Abstract
Mechanical prosthetic valve thrombosis (PVT) is a serious condition that is associated with various life-threatening complications. The utilization of multimodality imaging techniques is critical in identifying this etiology. Its management is complex and often requires repeat surgical valve replacements. Our report describes the case of a 48-year-old female who presented with mechanical mitral valve thrombosis in the setting of subtherapeutic anticoagulation. Due to her complex surgical history, nonsurgical therapeutic options were initially pursued for management.

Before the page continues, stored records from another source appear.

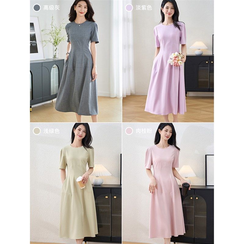 米思阳2025夏季新款通勤气质短袖连衣裙职业高端修身A字裙女1969
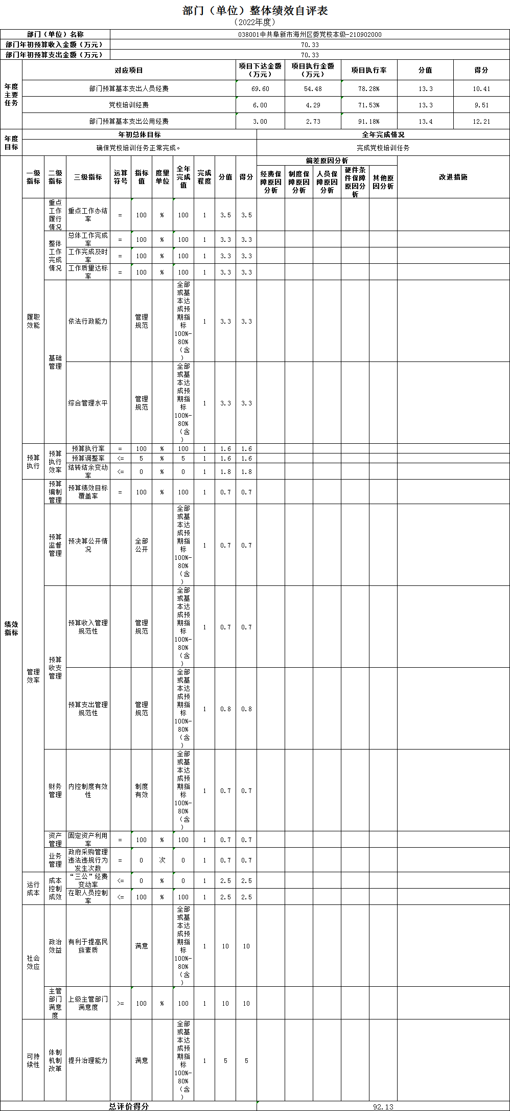 组织对1个单位开展整体绩效自评,涉及资金6万元,自评平均分92.13分。《部门(单位)整体绩效自评表》见附件。
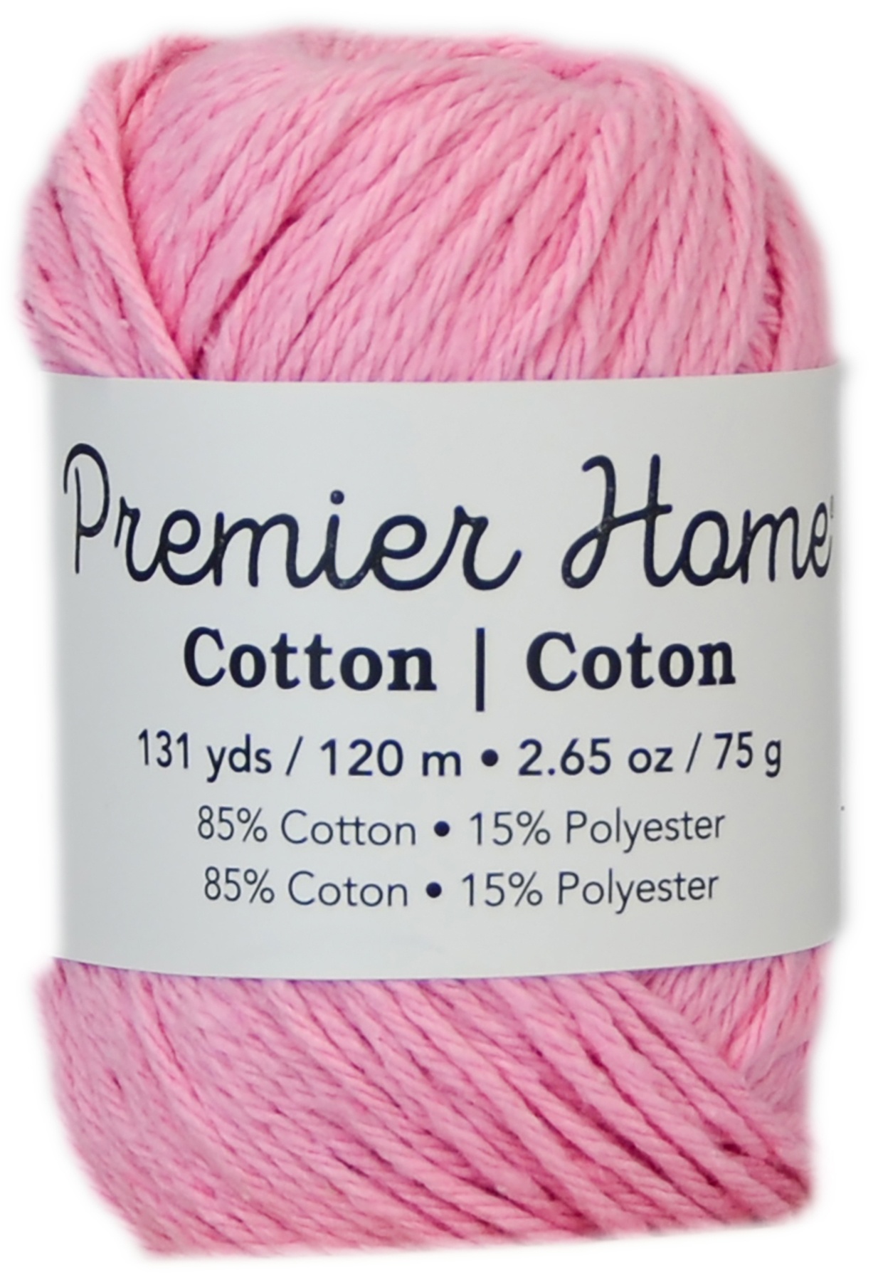 PREMIER YARN-Home Cotton Yarn. This medium weight cotton blended with polyester means colors stay brighter longer, finished projects dry faster and projects are more durable to last longer! Perfect for mesh wash cloths and more! Weight Category: 4. Content: 85% cotton, 15% polyester. Putup: 2.8oz/80g, 140yd/128m. Gauge: 18stx24r = 4in/10cm on size US8/5mm knitting needles. Suggested crochet hook size US1-9/5.5mm. No dyelot. Care: machine wash, dryer safe, do not bleach, do not iron, do not dry clean. Comes in a variety of colors. Imported.
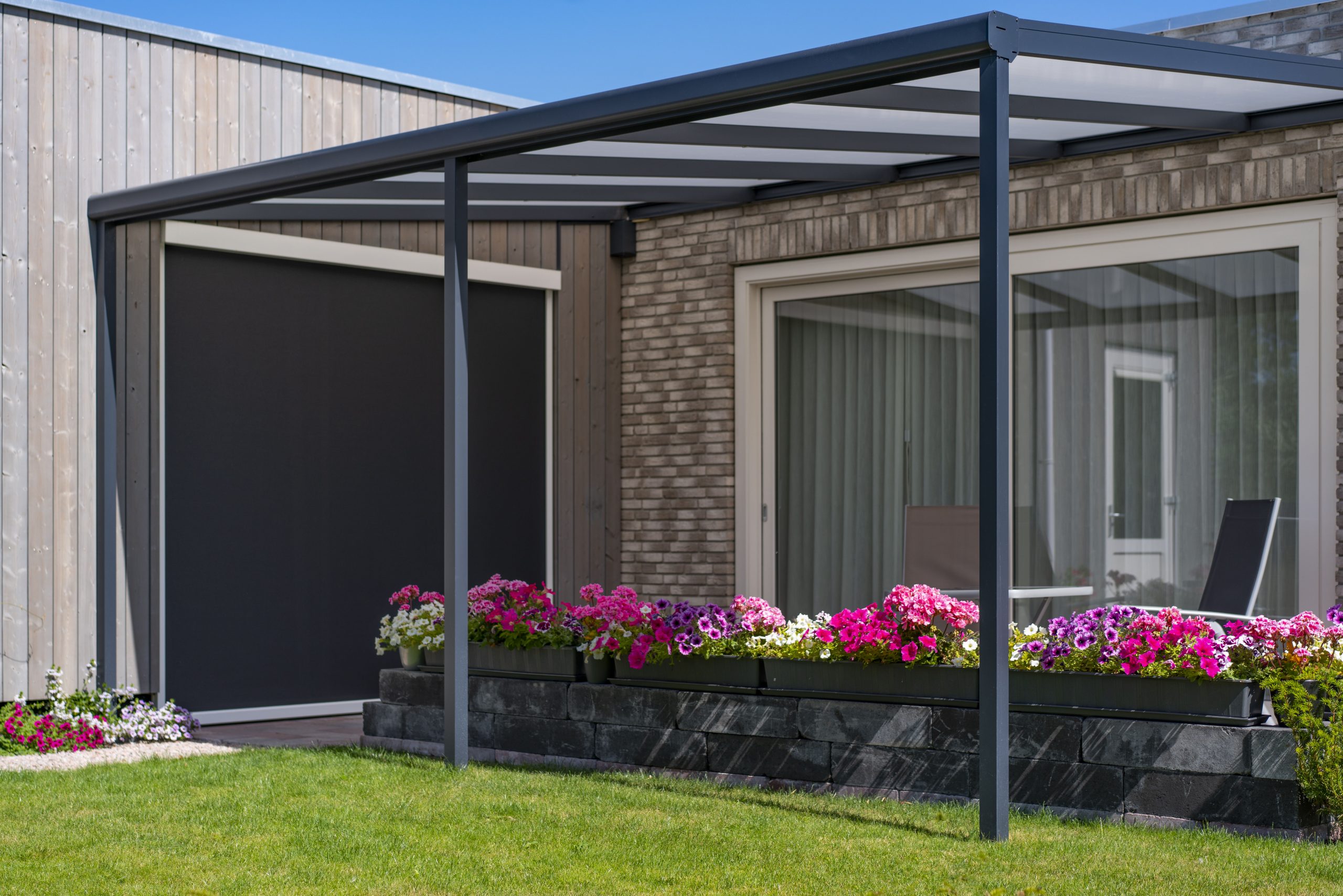 Une paroi vitrée coulissante constitue une protection contre le vent et les intempéries, sans compromettre la luminosité ou la vue. Vous pouvez donc profiter pleinement de votre pergola, jardin ou balcon en toute saison.
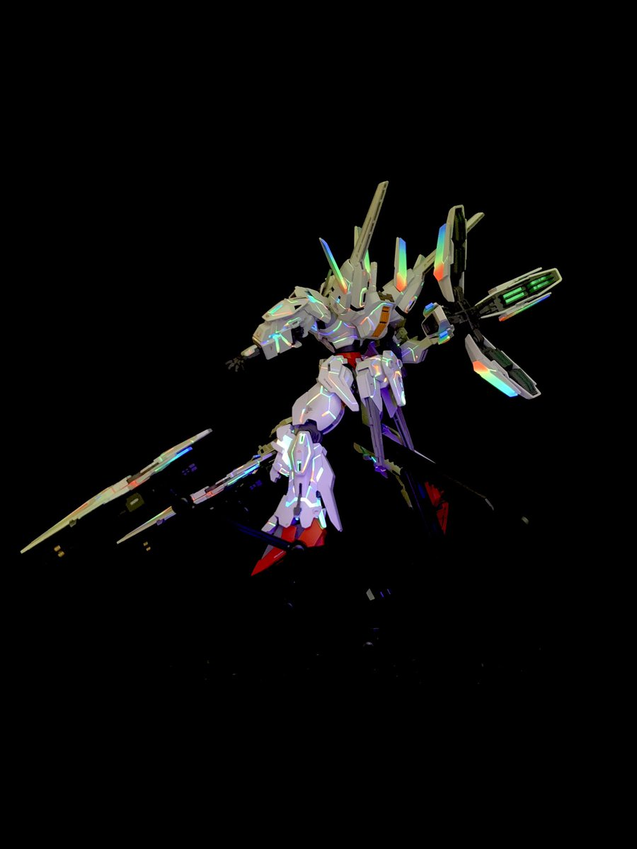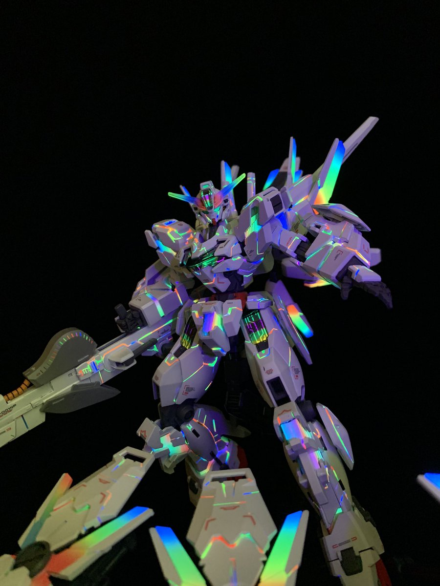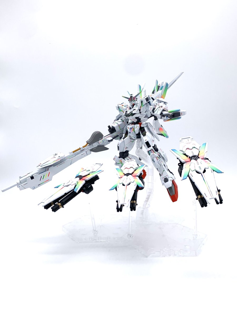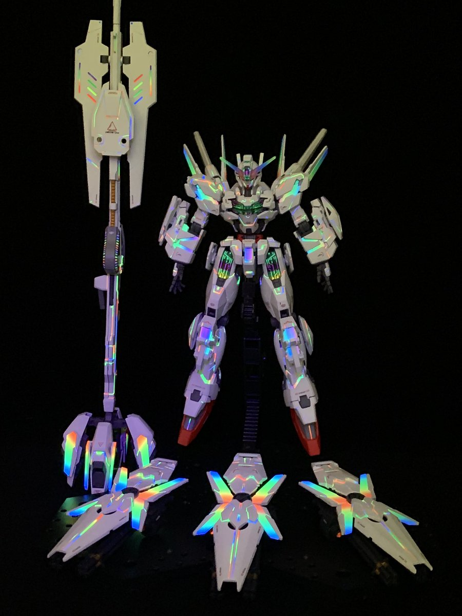 根據プリン表示,它是參考 YouTube 頻道イタミテックチャンネル所介紹的方式去製作,透過自行印下貼紙後將貼紙再行著色,讓異靈鋼彈全身可以煥發出彩虹般的色彩。

Through shared decision-making and after exhaustion of other alternatives, she was maintained on optimized medical therapy and was scheduled for repeat elective surgery. After compliance with medical therapy and close monitoring, she improved significantly, and her underlying pathology completely resolved, eliminating the need for surgery. This report indicates that the management of mechanical prosthetic valve thrombosis should be individualized and emphasizes the importance of involving a multidisciplinary team of medical and surgical professionals to achieve the best clinical outcomes.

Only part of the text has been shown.